A comprehensive CSV or TXT file import function offering advanced reading capabilities
through data.table and arrow packages with intelligent data combination strategies.
import_csv(
file,
package = "data.table",
rbind = TRUE,
rbind_label = "_file",
full_path = FALSE,
keep_ext = FALSE,
...
)A character vector of file paths to CSV files.
Must point to existing and accessible files.
A character string specifying the backend package:
"data.table": Uses data.table::fread() (default)
"arrow": Uses arrow::read_csv_arrow()
Determines the underlying reading mechanism.
A logical value controlling data combination strategy:
TRUE: Combines all files into a single data object (default)
FALSE: Returns a list of individual data objects
A character string or NULL for source file tracking:
character: Specifies the column name for file source labeling (default: "_file")
NULL: Disables source file tracking
A logical value controlling path display in file labels:
TRUE: Uses full file path
FALSE: Uses only filename (default)
A logical value controlling file extension in labels:
TRUE: Retains file extension (e.g., .csv)
FALSE: Removes file extension (default)
Additional arguments passed to backend-specific reading functions
(e.g., col_types, na.strings, skip).
Depends on the rbind parameter:
If rbind = TRUE: A single data object (from chosen package)

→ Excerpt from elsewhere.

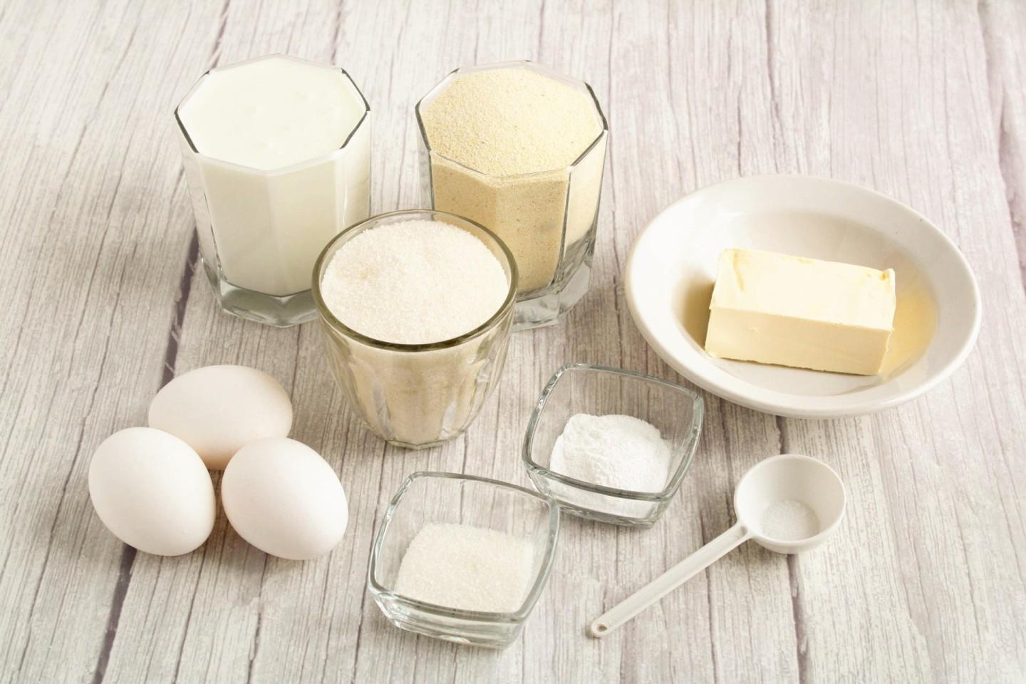 From affordable products, delicate, for family tea drinking! Manna made with kefir turns out fluffy and crumbly; it is baked in the oven without adding flour, which makes its structure softer and more porous. Without much time and effort, you get very simple and very tasty baked goods!

containing all imported data, with source file information in rbind_label column
If rbind = FALSE: A named list of data objects with names
derived from input file paths based on full_path and keep_ext settings
The function provides a unified interface for reading CSV files using either data.table
or arrow package. When reading multiple files, it can either combine them into a single
data object or return them as a list. File source tracking is supported through the
rbind_label parameter.
File labeling behavior is controlled by full_path and keep_ext parameters:
full_path = FALSE, keep_ext = FALSE: Filename without extension (e.g., "data")
full_path = FALSE, keep_ext = TRUE: Filename with extension (e.g., "data.csv")
full_path = TRUE, keep_ext = FALSE: Full path without extension (e.g., "/path/to/data")
full_path = TRUE, keep_ext = TRUE: Full path with extension (e.g., "/path/to/data.csv")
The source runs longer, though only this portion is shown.